This odd technique does seem to quickly produce a slightly altered state. Try it — write down a precise sequence of curse words that takes 7 to 10 seconds to read. Then, before a creative work session of some type, read it quickly and loudly like you’re casting a spell or about to go postal.
(pp. 528–529)

This is hilarious! My cursing sequence features hijueputa malparido (Spanish), putain merde (French), and blyat (Russian) among other expletives.

Morning Pages

Is a morning activity that Tim advocates pretty seriously throughout the book. Basically, you spend just a few minutes in the morning freewriting about what you hope to accomplish in the day. The key point is to actually write with pen and paper in a notebook or diary before you do any else cerebral (like look at your smartphone!)

Morning pages don’t need to solve your problems. They simply need to get them out of your head, where they’ll otherwise bounce around all day like a bullet ricocheting inside your skull.
(p. 227)

Evening Pages
Is the flipside, where before going to bed you write…

“What are the kinds of key things that might be constraints on a solution, or might be the attributes of a solution, and what are tools or assets I might have?
(p. 230)

“Never go to sleep without a request to your subconscious.” — Thomas Edison

On Saying “No

If I’m not saying “HELL YEAH!” about something, then I say no.
(p. 386)
When you say no to most things, you leave room in your life to really throw yourself completely into that rare thing that makes you say,
“HELL YEAH!”
(p. 386)

I made a cool Turkish-pop-style AI song about this book and the Lifehacker lifestyle…

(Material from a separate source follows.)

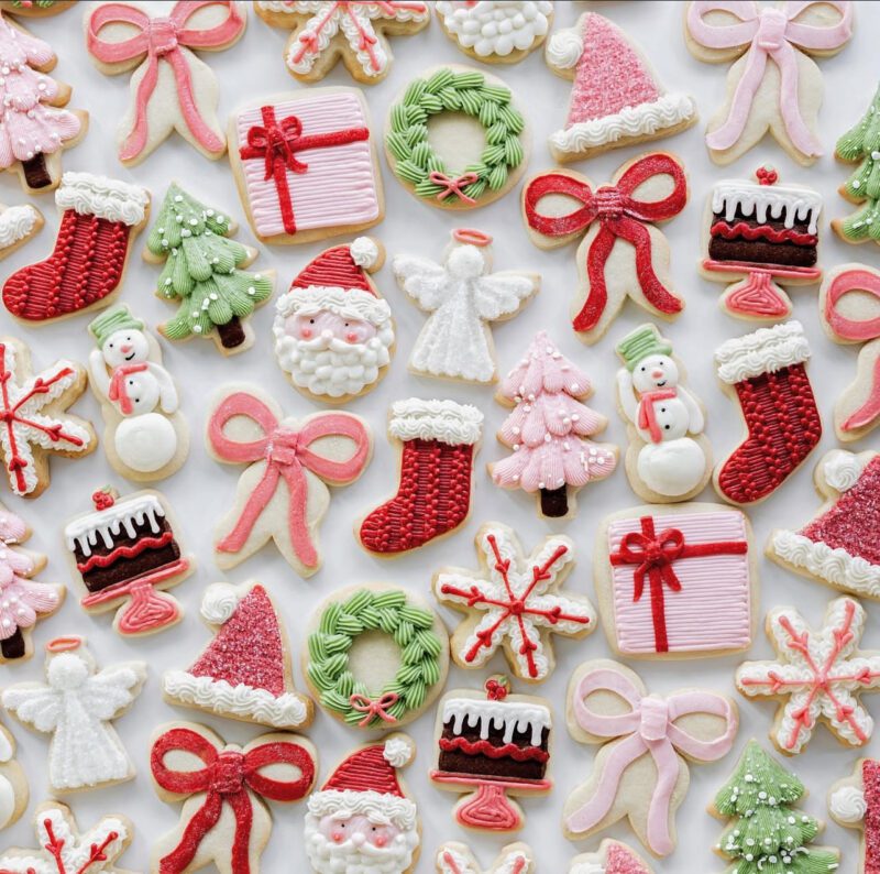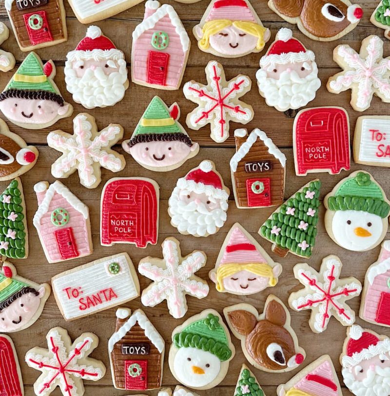 Over the years, I’ve decorated hundreds of sugar cookies for holidays, birthdays and everything in between. I’ll be sharing photos of some of my past Christmas sets in this post along with step-by-step instructions, my go-to sugar cookie recipe, and all the supplies I use. You’ll also find a link to my Cookie Class cookbook, where I go even deeper into piping, coloring, and decorating techniques if you want to learn even more!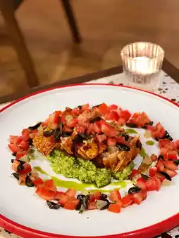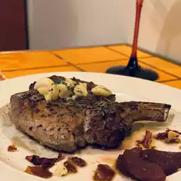 Unexpectedly very surprising, the black hair pork saddle rack thick cut, the outer layer is charred, the meat is very soft and Juicy, and very seasoned, with the top layer of vanilla garlic butter taste great, the sweetness of red wine apple can balance the greasiness of the pork saddle, a good match

Originally published on LimitlessMindset.com. I’m not a doctor, medical professional, or trained therapist. I’m a researcher and pragmatic biohacking practitioner exercising free speech to share evidence as I find it. I make no claims. Please practice skepticism and rational critical thinking. You should consult a professional about any serious decisions that you might make about your health. Affiliate links in this article support Limitless Mindset — spend over $150 and you’ll be eligible to join the Limitless Mindset Secret Society.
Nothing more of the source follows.